* _Requirement_: From the first line to the last, return the data exactly, with no pictures.

* _Given material_:
------------

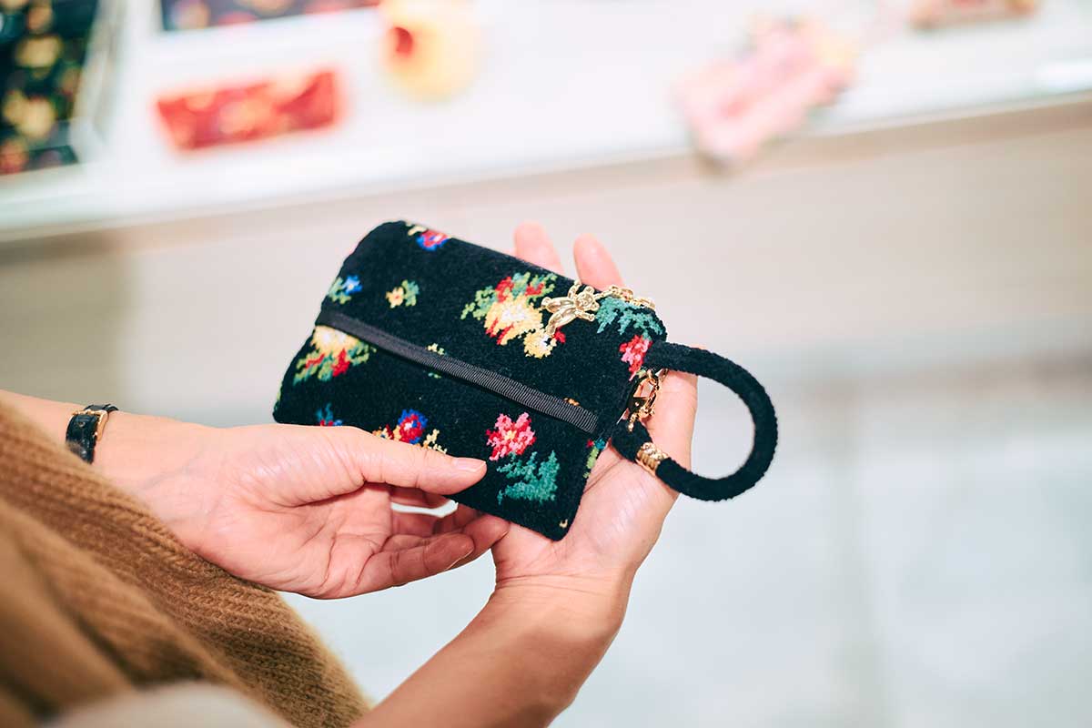「あと、『Heriter(エリテ)』は置いていますか?」とたずねるよしいさんに、スタッフの松本京子さんが差し出してくれたのがキャメルのアランニット。聞けば、よしいさんはブランド「エリテ」とのコラボアイテムを試作中で、2021年12月には自身がコレクションするアンティークからインスピレーションを得て、手仕事たっぷりに仕立てたブラウスを発売する予定だそう。縁のあるブランドのニットを羽織り、さらに「可愛い!」と気になった黒のヴィンテージバッグも合わせると、コーディネートは完璧!
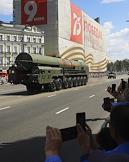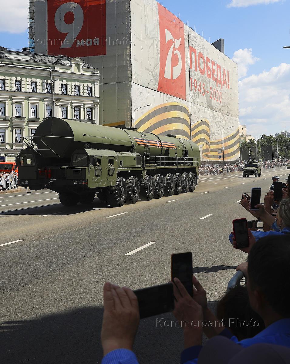Военный парад, посвященный 75-й годовщине Победы в Великой Отечественной войне на Красной площади. Проход военной техники по Арбатской площади. Пусковая установка подвижного грунтового ракетного комплекса "Ярс".
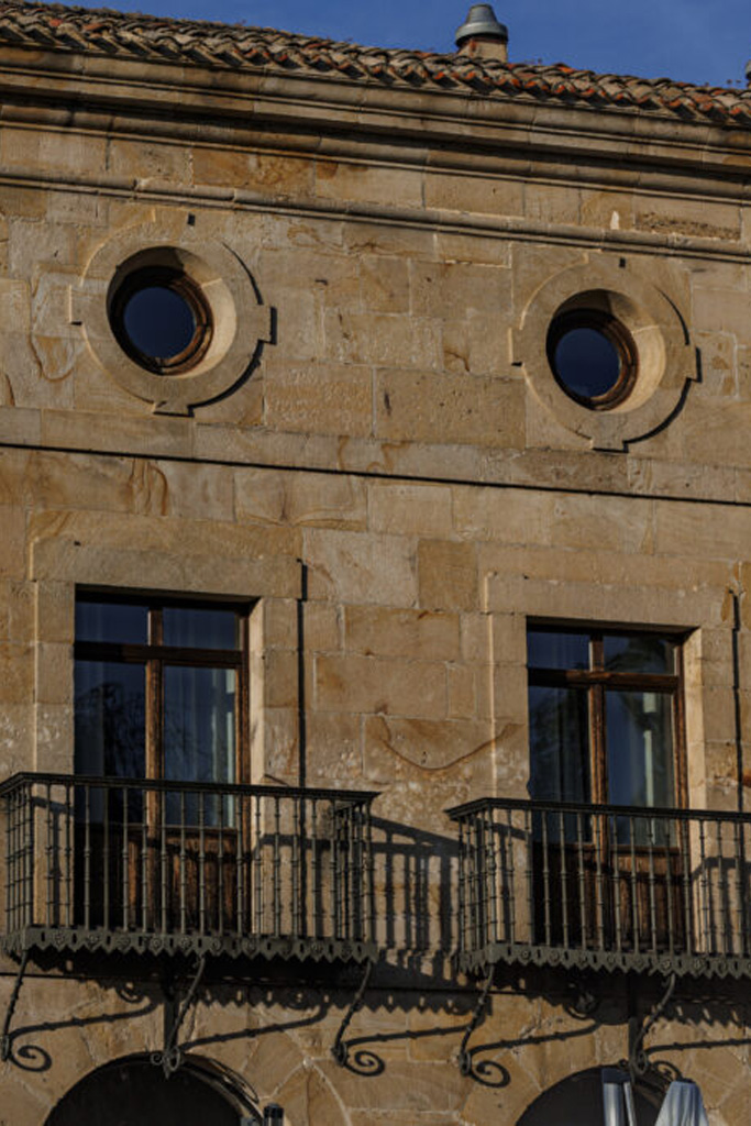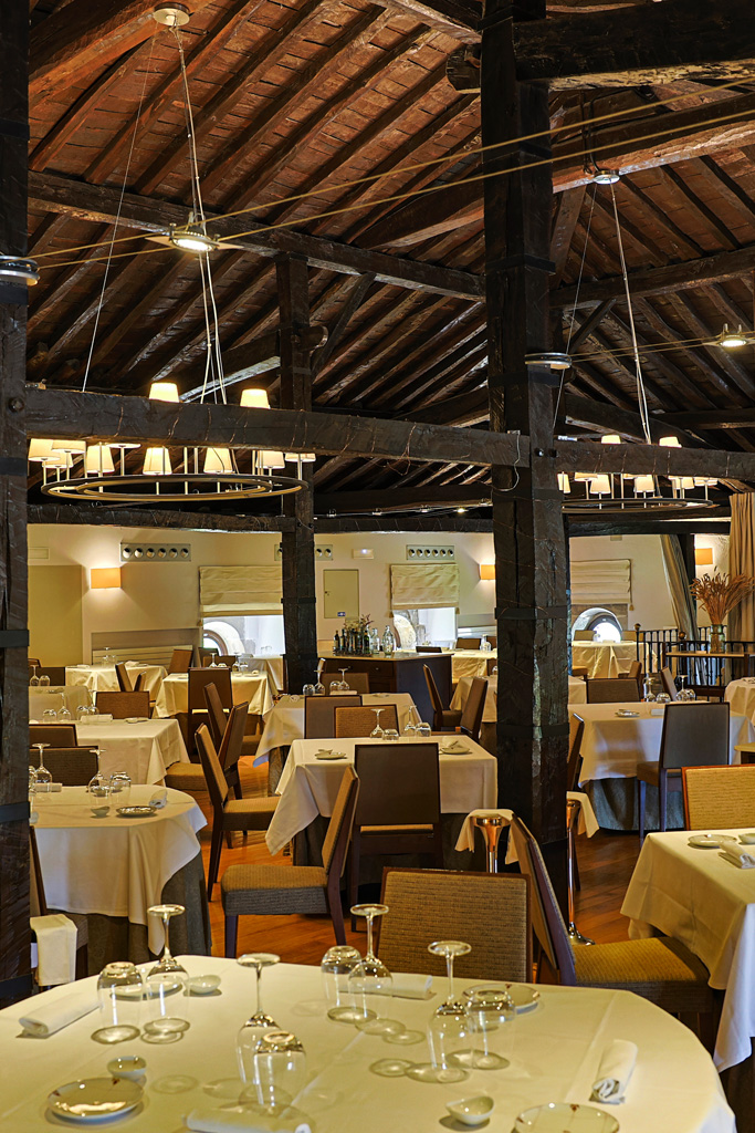 Originalmente propiedad del Virrey de México, el palacio pasó a la familia Larrea, quienes realizaron importantes aportaciones al edificio. “La familia Larrea dotó al edificio de rejería eclesiástica, mampostería y heráldica”, explica Manuel. Además, la última planta era el granero, donde hoy se ubica el salón-restaurante. Al subir las escaleras que conducen al gran salón, uno puede contemplar la cubierta donde queda a la vista la viguería, que se soporta gracias a las filas paralelas de pilares de madera. Resulta llamativo, por su carácter imponente, el entramado que no posee ningún anclaje metálico. Allí, esa presencia de la madera convierte al restaurante en un lugar donde la comida se disfruta de otra manera, sobre todo porque las ventanas de ojo de buey dan a la Llanada y los comensales pueden contemplarla mientras disfrutan de la comida.

------------

* _Result_:
「あと、『Heriter(エリテ)』は置いていますか?」とたずねるよしいさんに、スタッフの松本京子さんが差し出してくれたのがキャメルのアランニット。聞けば、よしいさんはブランド「エリテ」とのコラボアイテムを試作中で、2021年12月には自身がコレクションするアンティークからインスピレーションを得て、手仕事たっぷりに仕立てたブラウスを発売する予定だそう。縁のあるブランドのニットを羽織り、さらに「可愛い!」と気になった黒のヴィンテージバッグも合わせると、コーディネートは完璧!
Военный парад, посвященный 75-й годовщине Победы в Великой Отечественной войне на Красной площади. Проход военной техники по Арбатской площади. Пусковая установка подвижного грунтового ракетного комплекса "Ярс".
 Originalmente propiedad del Virrey de México, el palacio pasó a la familia Larrea, quienes realizaron importantes aportaciones al edificio. “La familia Larrea dotó al edificio de rejería eclesiástica, mampostería y heráldica”, explica Manuel. Además, la última planta era el granero, donde hoy se ubica el salón-restaurante. Al subir las escaleras que conducen al gran salón, uno puede contemplar la cubierta donde queda a la vista la viguería, que se soporta gracias a las filas paralelas de pilares de madera. Resulta llamativo, por su carácter imponente, el entramado que no posee ningún anclaje metálico. Allí, esa presencia de la madera convierte al restaurante en un lugar donde la comida se disfruta de otra manera, sobre todo porque las ventanas de ojo de buey dan a la Llanada y los comensales pueden contemplarla mientras disfrutan de la comida.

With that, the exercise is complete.